In yet additional embodiments, detection of an allele or combination of alleles of this invention can be carried out by matrix-assisted laser desorption/ionization-time of flight mass spectrometry (MALDI-TOF-MS).
It is further contemplated that the detection of an allele or combination of alleles of this invention can be carried out by various methods that are well known in the art, including, but not limited to nucleic acid sequencing, hybridization assay, restriction endonuclease digestion analysis, electrophoresis, and any combination thereof.
The present invention further comprises a kit or kits to carry out the methods of this invention. A kit of this invention can comprise reagents, buffers, and apparatus for mixing, measuring, sorting, labeling, etc., as well as instructions and the like as would be appropriate for genotyping any combination of, or all of, the SNPs of Tables 1-17 in a nucleic acid sample. The kit may further comprise control reagents, e.g., to identify markers for a specific ethnicity or gender.
The present invention is more particularly described in the following examples that are intended as illustrative only since numerous modifications and variations therein will be apparent to those skilled in the art.
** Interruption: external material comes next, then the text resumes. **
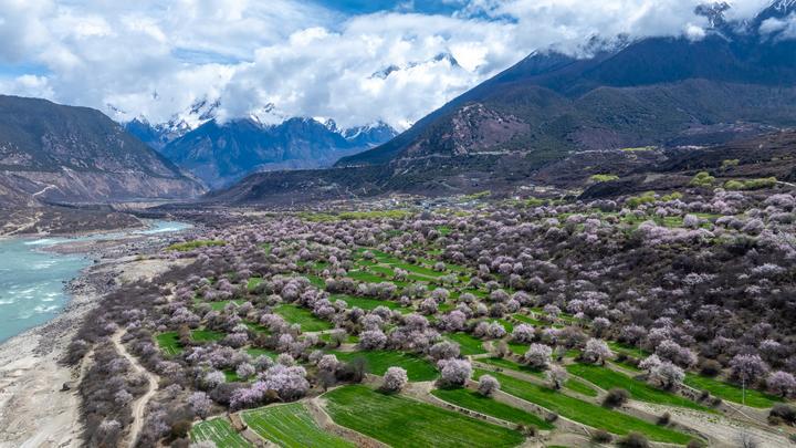 百里桃林沐雪盛放,粉霞漫卷河谷山川,遠瞰猶如精心雕琢卻又恣意鋪展的粉彩畫卷。在喜馬拉雅山脈的褶皺里,這股“溫柔”而向上的“野性”,昭示著西藏最早的春天已經(jīng)到來。

Genome-wide association studies (GWAS) have identified many single nucleotide polymorphisms (SNPs) that are associated with risk for complex diseases since 2007. Due to its rigorous study design and statistical criteria, most of these SNPs represent true associations and can be consistently replicated in independent study populations. Although the individual effects of these SNPs on disease risk are modest, their cumulative effect is stronger and is typically greater than family history, a well-accepted measurement for familial risk. Nevertheless, it is widely perceived that these SNPs have little clinical utility. This perception is primarily based on the modest values of AUC (area under the receiver operating characteristic curve) of these SNPs.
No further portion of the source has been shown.